EXERCISE OBJECTIVE ::
Word for word, retype the lines from the one containing "In Summer 2012" to the one containing "Стар викториански свещник" below, keeping both end lines and dropping the pictures.
##### DATASET CONTENT
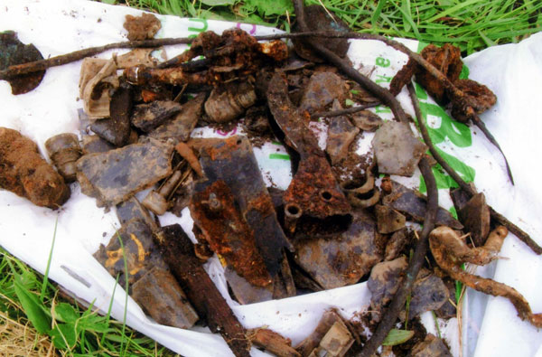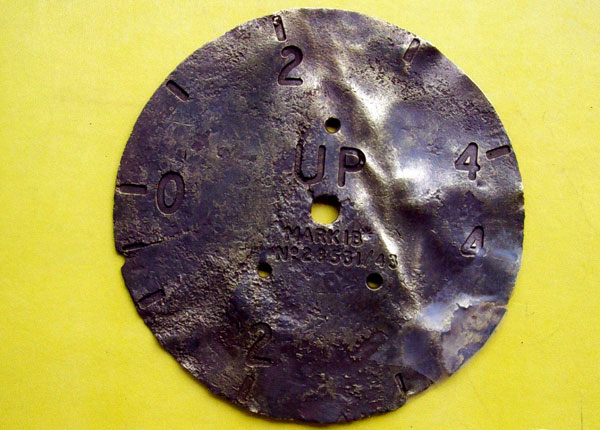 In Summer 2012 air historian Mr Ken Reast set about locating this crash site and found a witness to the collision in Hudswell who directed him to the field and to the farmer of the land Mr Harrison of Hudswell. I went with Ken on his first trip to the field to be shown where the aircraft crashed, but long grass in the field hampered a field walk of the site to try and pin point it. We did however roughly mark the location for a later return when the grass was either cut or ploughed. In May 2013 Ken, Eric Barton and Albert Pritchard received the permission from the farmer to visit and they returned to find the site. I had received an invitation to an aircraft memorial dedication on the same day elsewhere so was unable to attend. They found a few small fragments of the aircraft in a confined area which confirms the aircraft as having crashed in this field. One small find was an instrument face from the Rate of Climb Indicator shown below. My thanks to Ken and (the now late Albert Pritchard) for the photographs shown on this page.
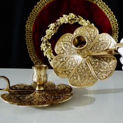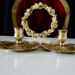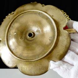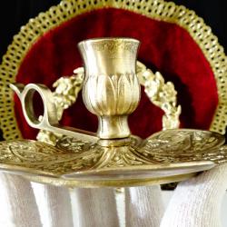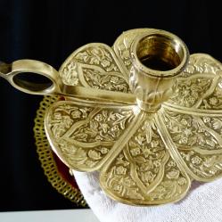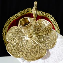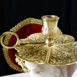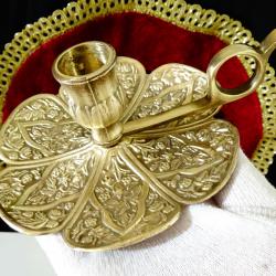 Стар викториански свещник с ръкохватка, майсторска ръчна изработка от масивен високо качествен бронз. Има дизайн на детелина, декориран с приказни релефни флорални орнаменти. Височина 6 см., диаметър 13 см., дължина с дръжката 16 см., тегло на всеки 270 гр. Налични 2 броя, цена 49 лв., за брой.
##########
##### DATASET CONTENT
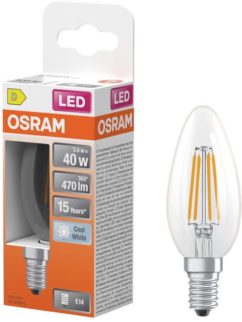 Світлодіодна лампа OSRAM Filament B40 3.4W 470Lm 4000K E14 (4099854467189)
##########
WRITTEN ANSWER ::
 In Summer 2012 air historian Mr Ken Reast set about locating this crash site and found a witness to the collision in Hudswell who directed him to the field and to the farmer of the land Mr Harrison of Hudswell. I went with Ken on his first trip to the field to be shown where the aircraft crashed, but long grass in the field hampered a field walk of the site to try and pin point it. We did however roughly mark the location for a later return when the grass was either cut or ploughed. In May 2013 Ken, Eric Barton and Albert Pritchard received the permission from the farmer to visit and they returned to find the site. I had received an invitation to an aircraft memorial dedication on the same day elsewhere so was unable to attend. They found a few small fragments of the aircraft in a confined area which confirms the aircraft as having crashed in this field. One small find was an instrument face from the Rate of Climb Indicator shown below. My thanks to Ken and (the now late Albert Pritchard) for the photographs shown on this page.
 Стар викториански свещник с ръкохватка, майсторска ръчна изработка от масивен високо качествен бронз. Има дизайн на детелина, декориран с приказни релефни флорални орнаменти. Височина 6 см., диаметър 13 см., дължина с дръжката 16 см., тегло на всеки 270 гр. Налични 2 броя, цена 49 лв., за брой.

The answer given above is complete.